Material for this task:
__________

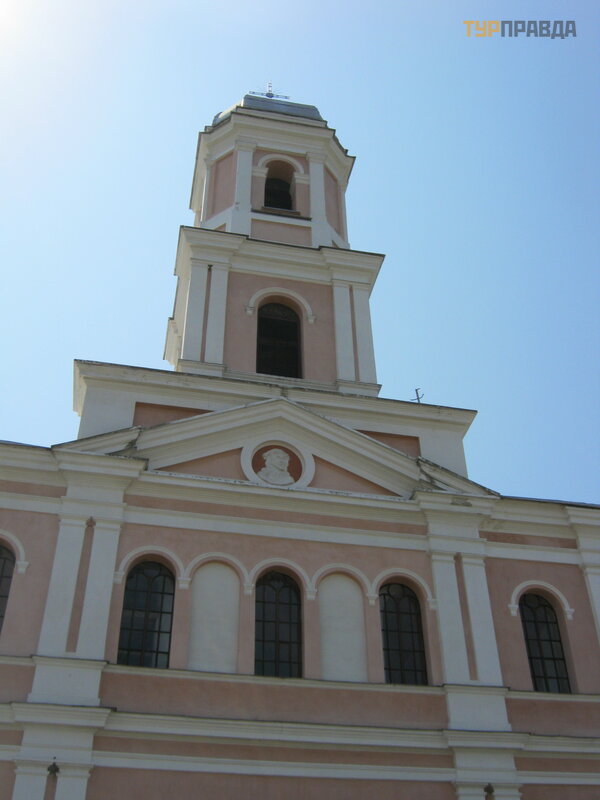 Он был построен в 18 веке по проекту Паоло Фонтана, известного архитектора того времени. Изначально собор был католическим костелом. Превращение католического костела в православный храм произошло в 1832 году. Событие это ознаменовалось установкой куполов на крыше боковых башен.
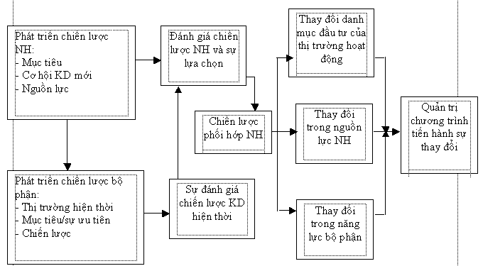 - Chất xúc tác bên ngoài: Hầu hết những thay đổi chính trong hệ thống chiến lược của ngân hàng xảy ra do điều hành của lãnh đạo ngân hàng trong sự liên kết với các xúc tác bên ngoài, đặc biệt là các tư vấn về quản trị.
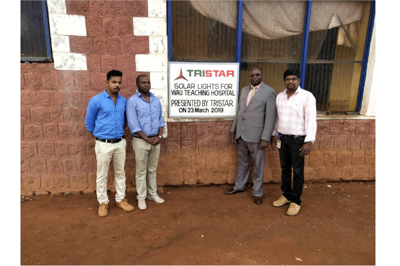 Solar Light System Installation atTristar South Sudan installed a solar light system as an emergency backup for the children’s ward at Wau Teaching Hospital, one of the only two functioning teaching hospitals in South Sudan. The emergency lighting was requested by the Ministry of Health to address power outages whenever the only generator at the hospital fails. The system has 36 LED lamps in two children’s wards with each ward consisting of four rooms, two toilets, and a pharmacy, store and veranda. The solar light system was inaugurated by the Health Minister of Wau County, Hon. Dr. James Patrice Ibrahim (2nd right).
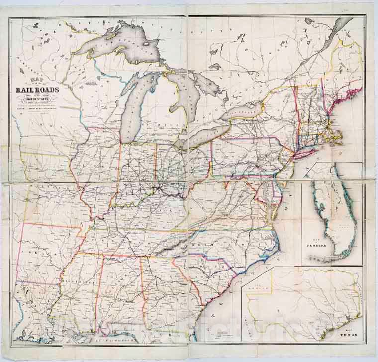 Historic 1850 Map - Map Of All The Railroads In The United States In Operation & Progress - United Statesmaps Of North America.
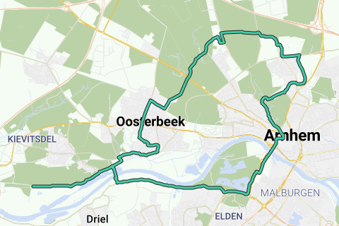 Vanaf Schelmseweg door Arnhem centrum, via Mandelabrug door Meinerswijk (niet op de kaart aangegeven). Bij zuidwestuitgang Meinerswijk rechtsaf op de dijk. Via fietsveer naar de overkant van de Rijn, naar Kasteel Doorwerth. Terug, via Oosterbeekstation, Airbornekerkhof, Amsterdamseweg oversteken en door het bos naar startpunt.
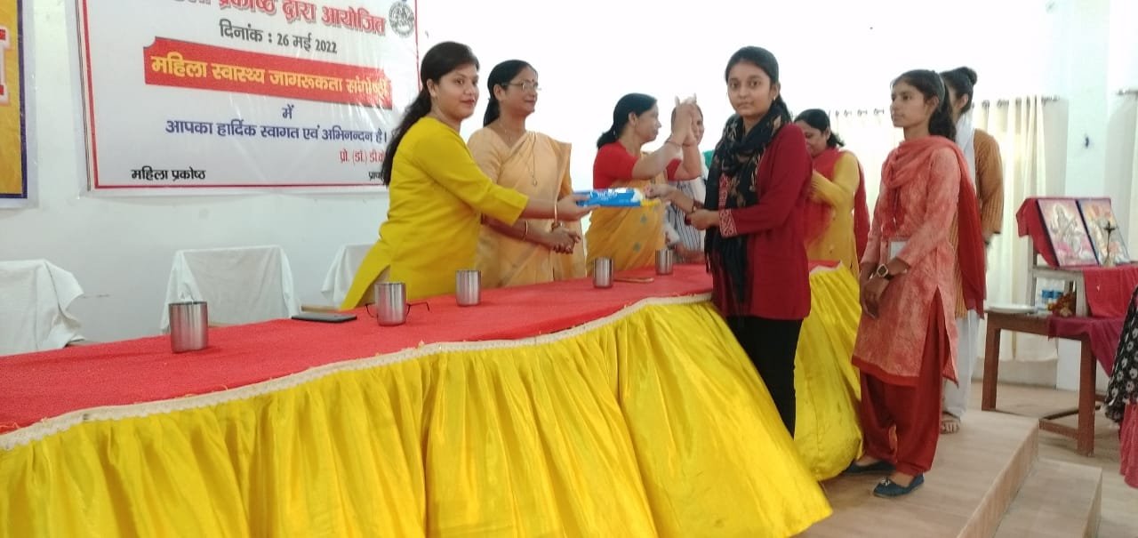 सुल्तानपुर। राणा प्रताप स्नातकोत्तर महाविद्यालय एवं अखिल भारतीय मारवाड़ी युवा मंच ( गोमती शाखा) के संयुक्त तत्वावधान में महिला स्वास्थ्य जागरूकता संगोष्ठी का आयोजन राणा प्रताप पी जी कालेज में हुआ। कार्यक्रम का शुभारंभ उप प्राचार्या डॉ निशा सिंह , रचना मोरारक, नेहा कानोडिया, द्वारा माँ सरस्वती और राणा प्रताप के चित्रों पर माल्यार्पण तथा दीप प्रज्ज्वलन से हुवा। स्वास्थ्य जागरूकता संगोष्ठी को संबोधित करते हुए डॉ निशा सिंह से कहा कि सभी क्षेत्रों और पेशे में महिलाओं का योगदान दिन-ब-दिन बढ़ रहा है। परिवार के साथ महिलाओं को अपने स्वास्थ्य का ख्याल रखने की जरूरत है। विद्यालयों में स्वास्थ्य जांच शिविर आयोजित करते रहना चाहिए। महिलाओं को उनके सामने आने वाली विभिन्न स्वास्थ्य समस्याओं के बारे में जागरूक किया जाना चाहिए। महिलाओं को किसी भी स्वास्थ्य समस्या के निदान हेतु स्वयं निःसंकोच आगे आना चाहिये। उन्होंने यह भी बताया की फल और सब्जी जिनसे विटामिन एवं खनिज लवण मिलते हैं का अधिक सेवन करना चाहिए । मंजू ठाकुर ने कहा कि भोजन के तीन मुख्य घटक कार्बोहाइड्रेट, वसा, प्रोटीन, सूक्ष्म तत्व जैसे विटामिन, हारर्मोंस और खनिज लवण सब को मिलाकर ही एक संतुलित आहार होता है । भोजन में मुख्य रूप से कार्बोहाइड्रेट को लिया जा रहा है। इसकी मात्रा सीमित होनी चाहिए। प्रोटीन का ज्यादा से ज्यादा सेवन करना चाहिए। दाल, दूध, पनीर, मशरूम, मांस आदि प्रोटीन में मुख्य स्रोत है। प्रोटीन एक ग्राम प्रति एक किलोग्राम शरीर भार तथा कठिन कार्य करने वालों के लिए डेढ़ ग्राम प्रति किलोग्राम शरीर भार पर लेना चाहिए। मारवाड़ी युवा मंच की महामंत्री नेहा कानोडिया ने युवा अवस्था की ओर बढ़ती हुई बच्चियों के मासिक चक्र में होने वाले समस्याओं पर प्रकाश डाला और यह बताया कि कब इसे सामान्य और कब इसे असामान्य समझें। उन्होंने स्तन कैंसर व बच्चेदानी में कैंसर के लक्षण के बारे में बताया। इस दौरान दो सौ पचास छात्राओं को मुफ्त में सेनिटरी नैपकिन बांटा गया। कार्यक्रम का संचालन प्रीति प्रकाश ने किया। यह कार्यक्रम डॉ निशा सिंह की अध्यक्षता में हुआ। यहाँ पर डॉ सीमा सिंह, डॉ अंजना सिंह, प्रीति सिंह, डॉ संतोष अंश, रवि सिंह के साथ महाविद्यालय की सैकड़ो छात्राएं उपस्थित थी।
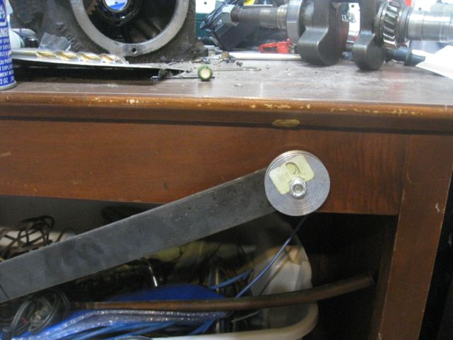 I ran a 2.5″ x 3/8″ bolt through the side of my workbench, threw the steel stock onto it, the sheave onto it, and secured it all with a nylock nut.  Securing it that way enabled me to do THIS:
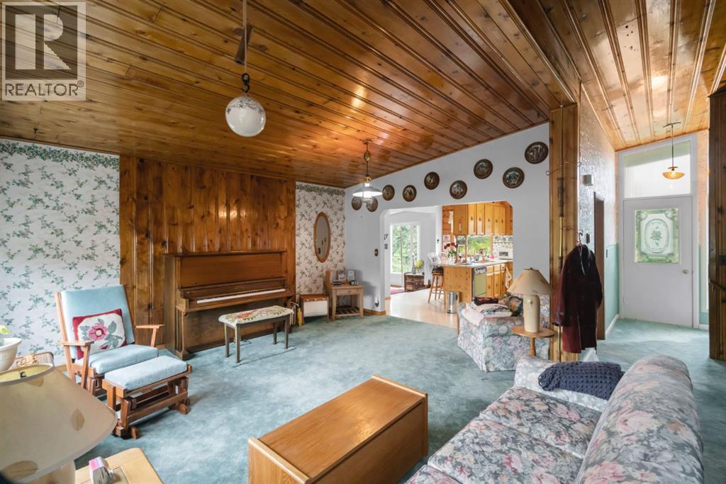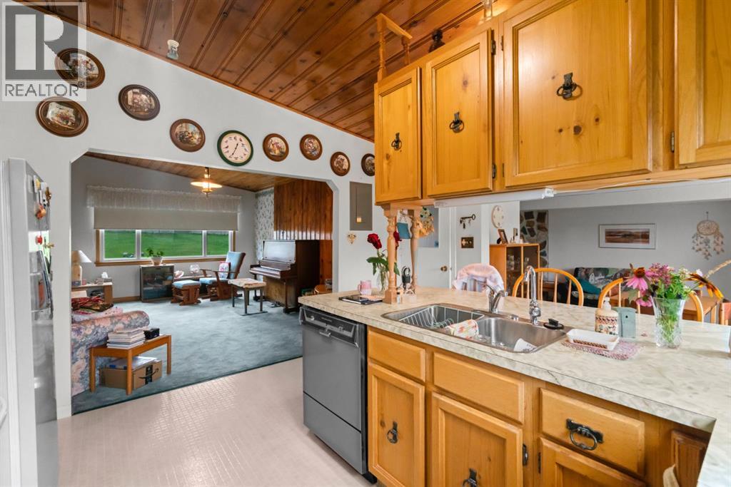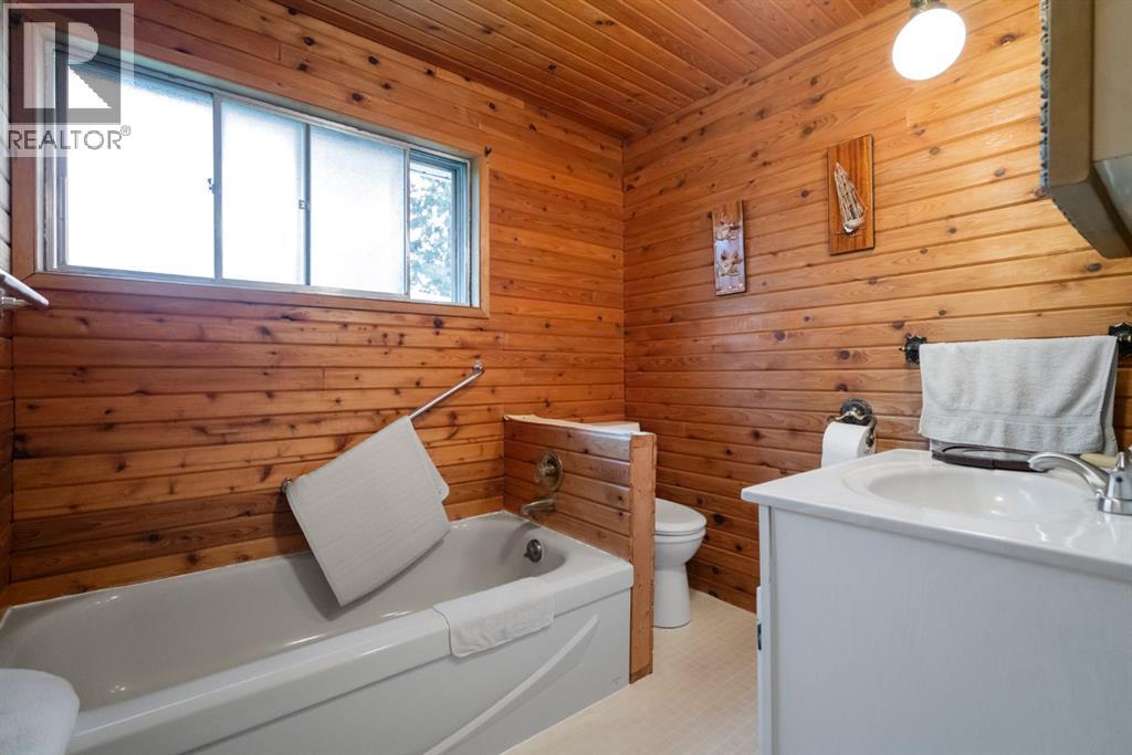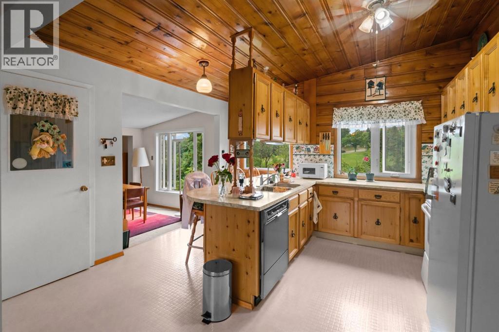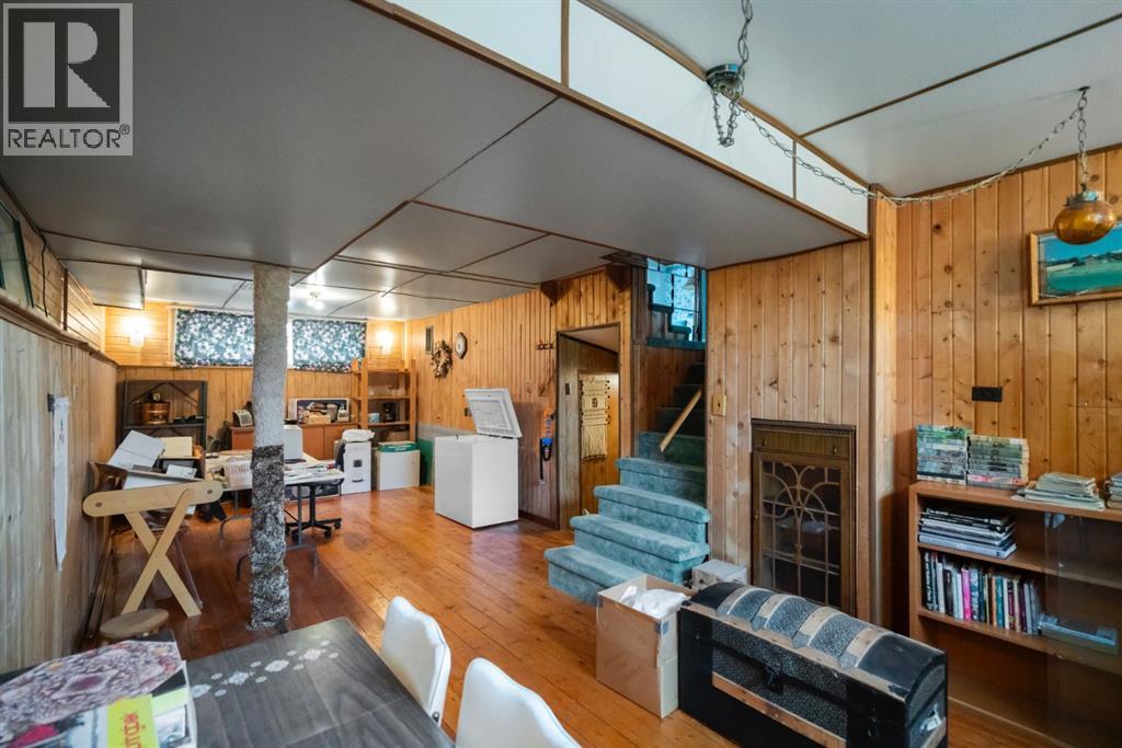Nestled in an amazing location overlooking Camrose Jubilee Park, this unique 3-level split offers the perfect blend of character and convenience. Just steps from walking trails, the valley, the University of Alberta – Augustana Campus, and the hospital, this home is ideal for those who appreciate both nature and accessibility. Showcasing original wood vaulted ceilings that add warmth and charm, the layout features 2 bedrooms, 2 bathrooms, a cozy living room, a functional kitchen and dining area. Enjoy beautiful views of the park from your home, and take advantage of the double detached garage for ample storage and parking. A truly special find in a sought-after neighbourhood. Mature trees and a large front deck complete this home. Great Opportunity! (id:63190)

__________

Work to complete: Give the entries above again in full and exactly, but not the pictures.

Response for this exercise:
 Он был построен в 18 веке по проекту Паоло Фонтана, известного архитектора того времени. Изначально собор был католическим костелом. Превращение католического костела в православный храм произошло в 1832 году. Событие это ознаменовалось установкой куполов на крыше боковых башен.
 - Chất xúc tác bên ngoài: Hầu hết những thay đổi chính trong hệ thống chiến lược của ngân hàng xảy ra do điều hành của lãnh đạo ngân hàng trong sự liên kết với các xúc tác bên ngoài, đặc biệt là các tư vấn về quản trị.
 Solar Light System Installation atTristar South Sudan installed a solar light system as an emergency backup for the children’s ward at Wau Teaching Hospital, one of the only two functioning teaching hospitals in South Sudan. The emergency lighting was requested by the Ministry of Health to address power outages whenever the only generator at the hospital fails. The system has 36 LED lamps in two children’s wards with each ward consisting of four rooms, two toilets, and a pharmacy, store and veranda. The solar light system was inaugurated by the Health Minister of Wau County, Hon. Dr. James Patrice Ibrahim (2nd right).
 Historic 1850 Map - Map Of All The Railroads In The United States In Operation & Progress - United Statesmaps Of North America.
 Vanaf Schelmseweg door Arnhem centrum, via Mandelabrug door Meinerswijk (niet op de kaart aangegeven). Bij zuidwestuitgang Meinerswijk rechtsaf op de dijk. Via fietsveer naar de overkant van de Rijn, naar Kasteel Doorwerth. Terug, via Oosterbeekstation, Airbornekerkhof, Amsterdamseweg oversteken en door het bos naar startpunt.
 सुल्तानपुर। राणा प्रताप स्नातकोत्तर महाविद्यालय एवं अखिल भारतीय मारवाड़ी युवा मंच ( गोमती शाखा) के संयुक्त तत्वावधान में महिला स्वास्थ्य जागरूकता संगोष्ठी का आयोजन राणा प्रताप पी जी कालेज में हुआ। कार्यक्रम का शुभारंभ उप प्राचार्या डॉ निशा सिंह , रचना मोरारक, नेहा कानोडिया, द्वारा माँ सरस्वती और राणा प्रताप के चित्रों पर माल्यार्पण तथा दीप प्रज्ज्वलन से हुवा। स्वास्थ्य जागरूकता संगोष्ठी को संबोधित करते हुए डॉ निशा सिंह से कहा कि सभी क्षेत्रों और पेशे में महिलाओं का योगदान दिन-ब-दिन बढ़ रहा है। परिवार के साथ महिलाओं को अपने स्वास्थ्य का ख्याल रखने की जरूरत है। विद्यालयों में स्वास्थ्य जांच शिविर आयोजित करते रहना चाहिए। महिलाओं को उनके सामने आने वाली विभिन्न स्वास्थ्य समस्याओं के बारे में जागरूक किया जाना चाहिए। महिलाओं को किसी भी स्वास्थ्य समस्या के निदान हेतु स्वयं निःसंकोच आगे आना चाहिये। उन्होंने यह भी बताया की फल और सब्जी जिनसे विटामिन एवं खनिज लवण मिलते हैं का अधिक सेवन करना चाहिए । मंजू ठाकुर ने कहा कि भोजन के तीन मुख्य घटक कार्बोहाइड्रेट, वसा, प्रोटीन, सूक्ष्म तत्व जैसे विटामिन, हारर्मोंस और खनिज लवण सब को मिलाकर ही एक संतुलित आहार होता है । भोजन में मुख्य रूप से कार्बोहाइड्रेट को लिया जा रहा है। इसकी मात्रा सीमित होनी चाहिए। प्रोटीन का ज्यादा से ज्यादा सेवन करना चाहिए। दाल, दूध, पनीर, मशरूम, मांस आदि प्रोटीन में मुख्य स्रोत है। प्रोटीन एक ग्राम प्रति एक किलोग्राम शरीर भार तथा कठिन कार्य करने वालों के लिए डेढ़ ग्राम प्रति किलोग्राम शरीर भार पर लेना चाहिए। मारवाड़ी युवा मंच की महामंत्री नेहा कानोडिया ने युवा अवस्था की ओर बढ़ती हुई बच्चियों के मासिक चक्र में होने वाले समस्याओं पर प्रकाश डाला और यह बताया कि कब इसे सामान्य और कब इसे असामान्य समझें। उन्होंने स्तन कैंसर व बच्चेदानी में कैंसर के लक्षण के बारे में बताया। इस दौरान दो सौ पचास छात्राओं को मुफ्त में सेनिटरी नैपकिन बांटा गया। कार्यक्रम का संचालन प्रीति प्रकाश ने किया। यह कार्यक्रम डॉ निशा सिंह की अध्यक्षता में हुआ। यहाँ पर डॉ सीमा सिंह, डॉ अंजना सिंह, प्रीति सिंह, डॉ संतोष अंश, रवि सिंह के साथ महाविद्यालय की सैकड़ो छात्राएं उपस्थित थी।
 I ran a 2.5″ x 3/8″ bolt through the side of my workbench, threw the steel stock onto it, the sheave onto it, and secured it all with a nylock nut.  Securing it that way enabled me to do THIS:
Nestled in an amazing location overlooking Camrose Jubilee Park, this unique 3-level split offers the perfect blend of character and convenience. Just steps from walking trails, the valley, the University of Alberta – Augustana Campus, and the hospital, this home is ideal for those who appreciate both nature and accessibility. Showcasing original wood vaulted ceilings that add warmth and charm, the layout features 2 bedrooms, 2 bathrooms, a cozy living room, a functional kitchen and dining area. Enjoy beautiful views of the park from your home, and take advantage of the double detached garage for ample storage and parking. A truly special find in a sought-after neighbourhood. Mature trees and a large front deck complete this home. Great Opportunity! (id:63190)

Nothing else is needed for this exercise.